No. But an LM358 can sense grounded current. a TL081 can sense positive supply current, if its supply is 7V or more.
The error due to offset for an LM358 in the given circuit is 30mV (given worst-case offset of 3mV and gain of 10), which is 30% for a current of 1A (proportional error is worse for lower currents).
 
Worst case input offset voltage occurs under conditions that are not present here. The DC resistances seen by the two inputs differ by only 0.1 ohm. I think that's low enough to consider the typical offset values.

ak
 
Worst case input offset voltage occurs under conditions that are not present here. The DC resistances seen by the two inputs differ by only 0.1 ohm. I think that's low enough to consider the typical offset values.
How do you mean? The resistances could differ by ~10 ohms with 1% resistors... What does that have to do with the input offset voltage?
I think that's low enough to consider the typical offset values.
Typical is 2mV (https://www.ti.com/lit/ds/symlink/lm158-n.pdf), or 20% error at 1A.
 
Worst case input offset voltage occurs under conditions that are not present here.

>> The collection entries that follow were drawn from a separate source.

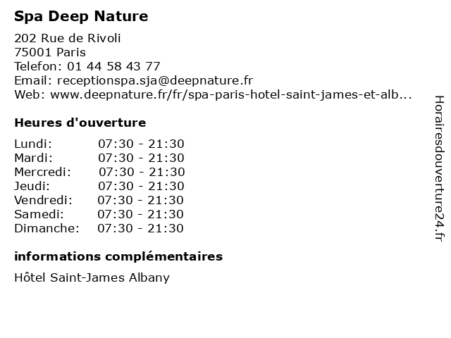 1 Spa Deep Nature (Distance: 0,73 km) 2 Rue Scribe, 75009 Paris beaute, deep, esthetique, nature, soins, spa 2 Spa Deep Nature (Distance: 1,17 km) 24 Boulevard Malesherbes, 75008 Paris beaute, boutique, deep, nature, soins, spa 3 Nature et Découvertes (Distance: 0,03 km) 10 Rue de la Résistance, 75001 Paris découvertes, et, nature, paris 6 Nature et Découvertes Carrousel du Louvre (Distance: 0,34 km) 99 Rue de Rivoli, 75001 Paris carrousel, du, découvertes, et, louvre, nature |
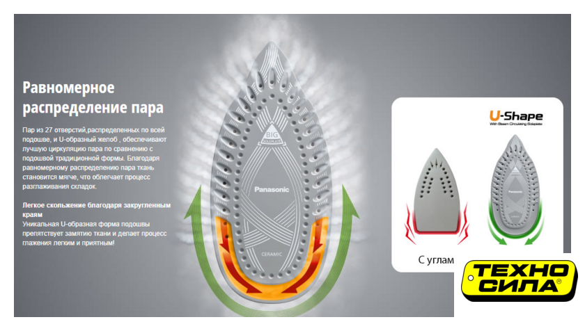 2600 Вт, с парогенератором, подошва UniCera, постоянная подача пара
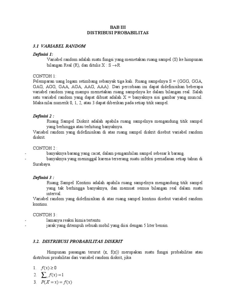 Distribusi peluang adalah tabel gambar atau persamaan yang menggambarkan atau mendeskripsikan nilai nilai yang mungkin dari peubah acak dan peluang yang bersesuaiannya peubah acak diskrit atau kepadatan peubah acak kontinu. Biasanya variabel acak dinyatakan ruang sampel diskrit mempunyai banyak elemen terhingga eksperimen : June 20, 2021 by admin. Suatu variabel acak kontinu berkaitan dengan fungsi kepadatan peluang. Sari mengerjakan 4 buah soal.
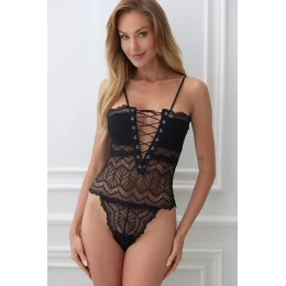 Tělo DAFNE okouzluje vzhledem připomínajícím smyslný korzet klasické ženské spodní prádlo, které dodává sebevědomí a sexualitu. Jemná krajková květinová krajka krásně zdůrazňuje pas a boky, dávající postavě štíhlejší vzhled, a sexy šněrování v oblasti prsou přitahuje pohledy a rozvíjí představivost. Dokonalý střih těla zdůrazňuje ženské tvary, inspirující k intimním okamžikům, a hluboká černá luxusní krajka dělá, že se každá žena v něm cítí jako milion dolarů. Nastavitelná ramínka a elastický materiál zaručují perfektní přizpůsobení bez ohledu na postavu, poskytující pohodlí a maximální ženskost. Vyberte si tělo DAFNE, probuďte v sobě bohyni a čerpejte ze života naplno!
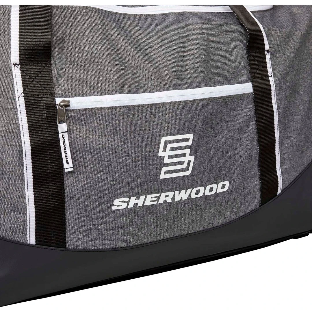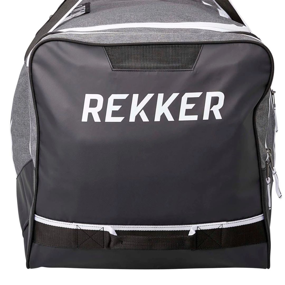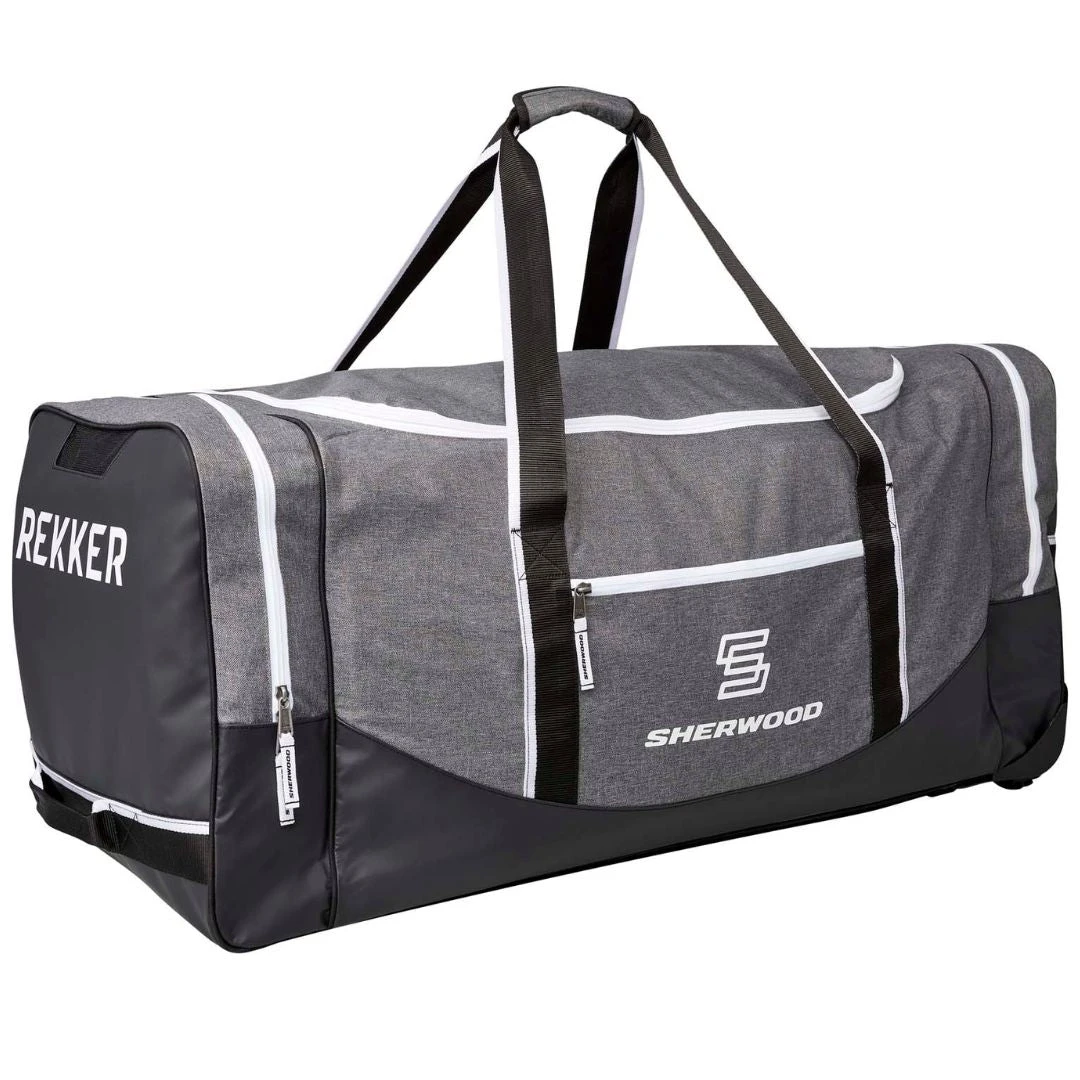 - The Sherwood Rekker Team Wheeled Bag looks great and stores your gear comfortably and safely. Its unique exterior boasts a 600D heathered polyester material that resists rips and tears while adding visual richness to the bag. Water-proof tarpaulin reinforces the base and once again bolsters the overall durability. This model features two all-terrain wheels that make transportation much easier to and from the rink and sturdy bottom skid bars to elevate bag durability and structure.

The DC resistances seen by the two inputs differ by only 0.1 ohm. I think that's low enough to consider the typical offset values.

ak
Maybe you do not know that there are two causes of input offset voltage:
1) The difference between the input currents that you are talking about.
2) The inherent input offset voltage of the input transistors even if they are Jfet and have no input current.
We are talking about the second which is 7mV max for the cheap LM358 and most other general purpose opamps but is only 2mV max for the more expensive LM158A and less for other more expensive opamps with the inputs shorted together so the input currents have no effect.

EDIT: Do you know where to buy opamps with "typical" spec's, I don't. If I buy a few thousand at different times and test them all then maybe I will find a few typical ones, if their production yielded some typical ones. The "maximum" spec's are the ones that are guaranteed.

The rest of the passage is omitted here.